**Brief:**
From the line that contains "Two icons of" to the final line below, both included, print each line exactly and skip the pictures.
· · · ·
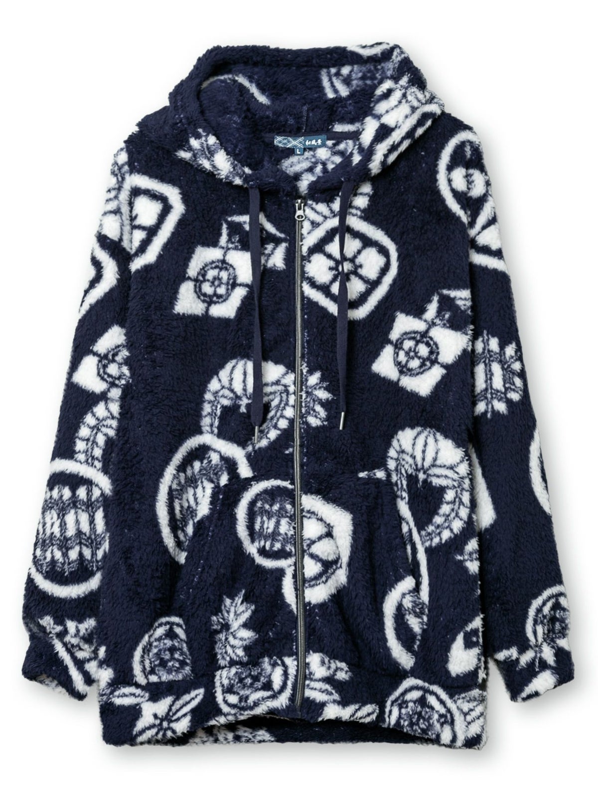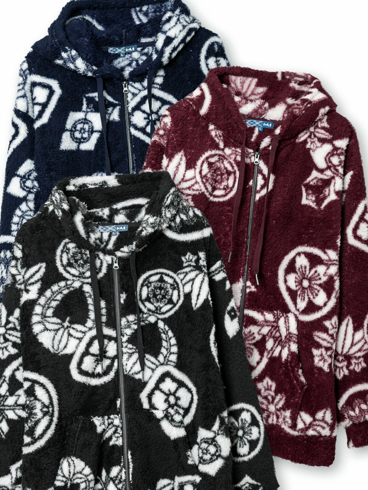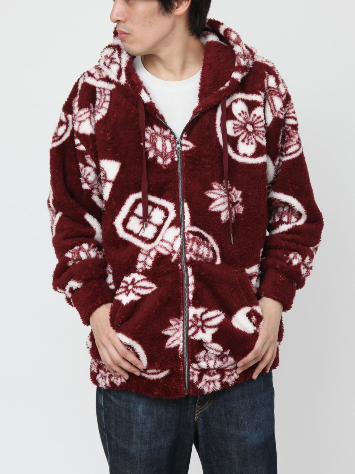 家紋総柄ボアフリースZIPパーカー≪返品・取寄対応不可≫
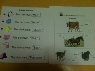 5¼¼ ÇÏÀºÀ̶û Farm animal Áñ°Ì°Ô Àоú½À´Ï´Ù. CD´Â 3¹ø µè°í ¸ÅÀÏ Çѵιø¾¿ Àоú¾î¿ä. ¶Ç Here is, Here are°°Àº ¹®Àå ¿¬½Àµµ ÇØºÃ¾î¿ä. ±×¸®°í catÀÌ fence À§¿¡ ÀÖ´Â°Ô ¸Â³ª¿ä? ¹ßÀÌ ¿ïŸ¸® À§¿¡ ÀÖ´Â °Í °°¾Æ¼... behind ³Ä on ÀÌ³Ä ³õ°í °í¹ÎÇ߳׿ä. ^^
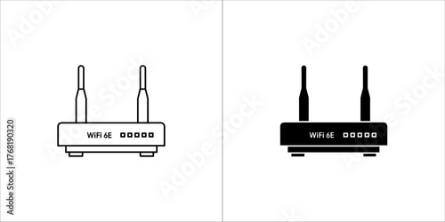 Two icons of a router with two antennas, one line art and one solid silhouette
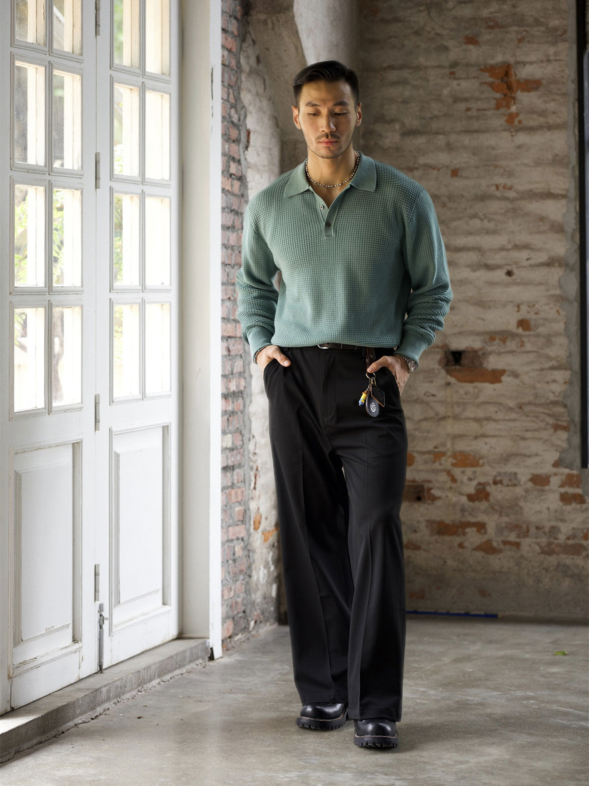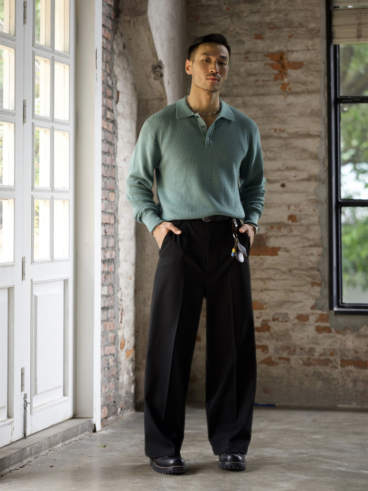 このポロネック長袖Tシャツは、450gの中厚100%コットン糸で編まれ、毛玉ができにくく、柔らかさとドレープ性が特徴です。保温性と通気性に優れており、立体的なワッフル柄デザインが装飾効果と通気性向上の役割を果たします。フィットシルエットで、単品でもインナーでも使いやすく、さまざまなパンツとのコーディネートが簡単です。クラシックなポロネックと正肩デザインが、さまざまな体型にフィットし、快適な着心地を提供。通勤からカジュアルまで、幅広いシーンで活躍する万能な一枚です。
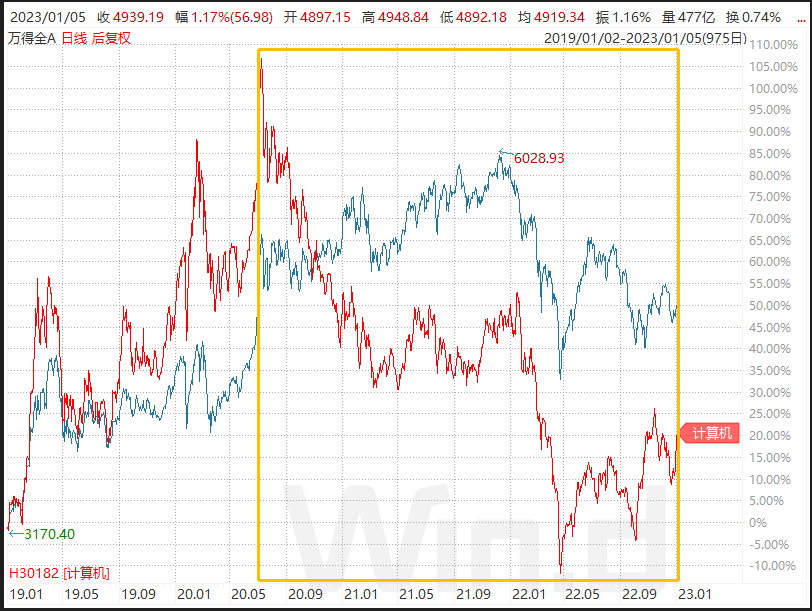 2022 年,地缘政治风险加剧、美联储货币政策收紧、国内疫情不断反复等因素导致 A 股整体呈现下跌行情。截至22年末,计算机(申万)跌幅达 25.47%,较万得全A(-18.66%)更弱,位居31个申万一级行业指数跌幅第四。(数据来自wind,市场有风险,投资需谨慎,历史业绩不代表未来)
· · · ·
**Response area:**
 Two icons of a router with two antennas, one line art and one solid silhouette
 このポロネック長袖Tシャツは、450gの中厚100%コットン糸で編まれ、毛玉ができにくく、柔らかさとドレープ性が特徴です。保温性と通気性に優れており、立体的なワッフル柄デザインが装飾効果と通気性向上の役割を果たします。フィットシルエットで、単品でもインナーでも使いやすく、さまざまなパンツとのコーディネートが簡単です。クラシックなポロネックと正肩デザインが、さまざまな体型にフィットし、快適な着心地を提供。通勤からカジュアルまで、幅広いシーンで活躍する万能な一枚です。
 2022 年,地缘政治风险加剧、美联储货币政策收紧、国内疫情不断反复等因素导致 A 股整体呈现下跌行情。截至22年末,计算机(申万)跌幅达 25.47%,较万得全A(-18.66%)更弱,位居31个申万一级行业指数跌幅第四。(数据来自wind,市场有风险,投资需谨慎,历史业绩不代表未来)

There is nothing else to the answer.